A long-awaited examination of how two controversial
Under a deal worked out last year and hailed by the mayor and the City Council president, the city controller's office was supposed to get "unfettered access" to internal financial records at the nonprofits, which are co-administered by DWP executives and leaders of the utility's largest union.
The deal promised an end to more than a year of legal and political battles between Brian D'Arcy, head of the DWP employees' union, and Mayor Eric Garcetti and Controller Ron Galperin.
At issue has been the transparency of the nonprofits, which have received more than $40 million in ratepayer money since they were created more than a decade ago. The entities have never been required to produce a detailed, public accounting of their expenditures.
The agreement said city auditors would get full access to the groups' financial records for up to 120 days. But the auditors were barred under the deal from photocopying any documents or removing records from the nonprofits' offices.
Instead, according to the agreement, auditors would be permitted to "transcribe the relevant content of any documents reviewed."
Two weeks after the process began in early December, the nonprofits' administrators said the auditors were transcribing too much information, according to three City Hall sources familiar with the impasse. No progress has been made on the audit since, according to the sources, who requested anonymity because of the sensitivity of the issue.
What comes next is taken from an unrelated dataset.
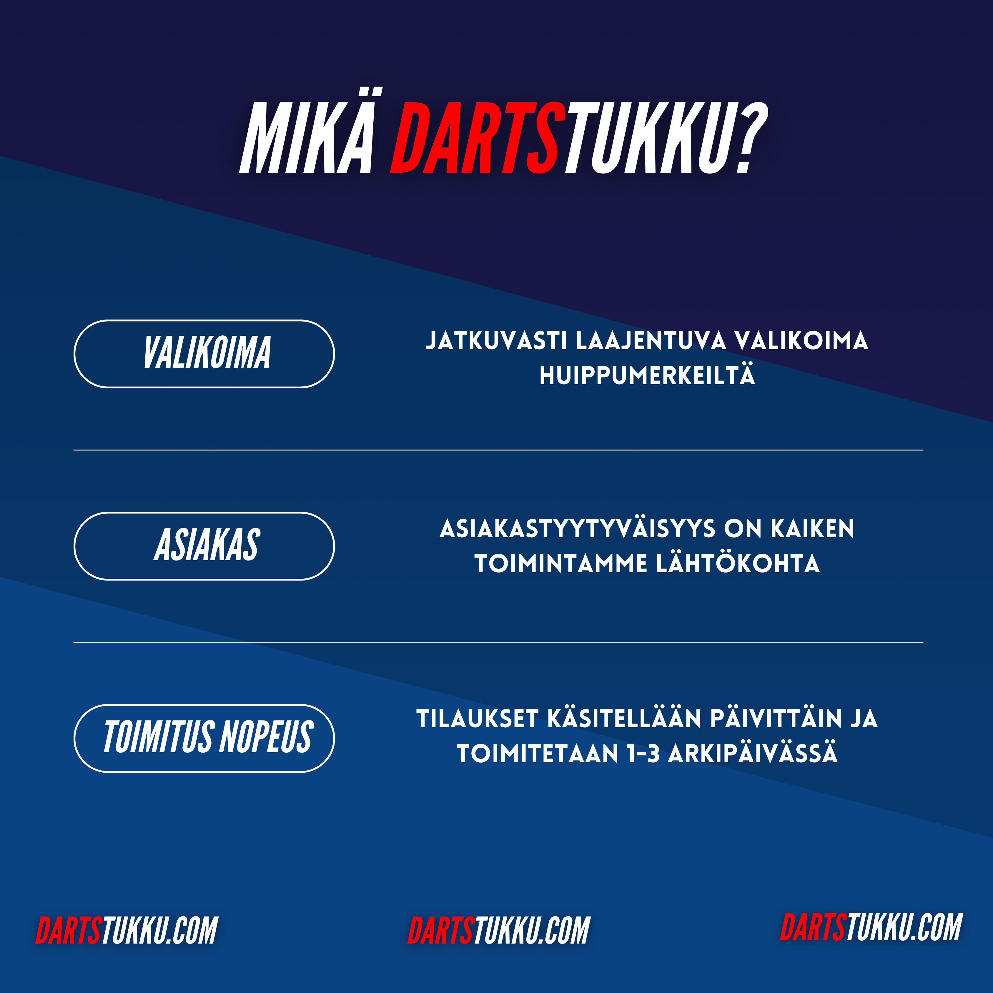 Dartstukku on uusi suomalainen darts -verkkokauppa, josta löydät jatkuvasti laajentuvan valikoiman darts -tuotteita huippumerkeiltä. Yrityksemme toimii useamman verkkokaupan takana, ja asiantunteva tiimimme varmistaa tilauksien laadukkaan sekä nopean toimituksen.

Former Los Angeles Controller Laura Chick on Thursday blasted the "highly unusual" agreement, saying she would "never, ever" do an audit if her staff was not allowed to make copies of the pertinent records.
"It just makes the audit process ridiculously long and tedious and more expensive for the taxpayer," Chick said.
Asked if there was any precedent for agreeing not to copy documents or remove them from the location during an audit, Galperin spokesman Lowell Goodman cited one case, a 2001 examination of the Los Angeles Police Department's "secret service account." That money was used for "payments to informants" during criminal investigations and expenses associated with the witness protection program.
Goodman acknowledged that the no-copying agreement is "a bit unusual," but he said he believes a resolution to the current dispute will be found and the audit will proceed. In the end, the restrictions "will not keep us from producing an audit that is professional, thorough and fully compliant with government accounting standards," Goodman said.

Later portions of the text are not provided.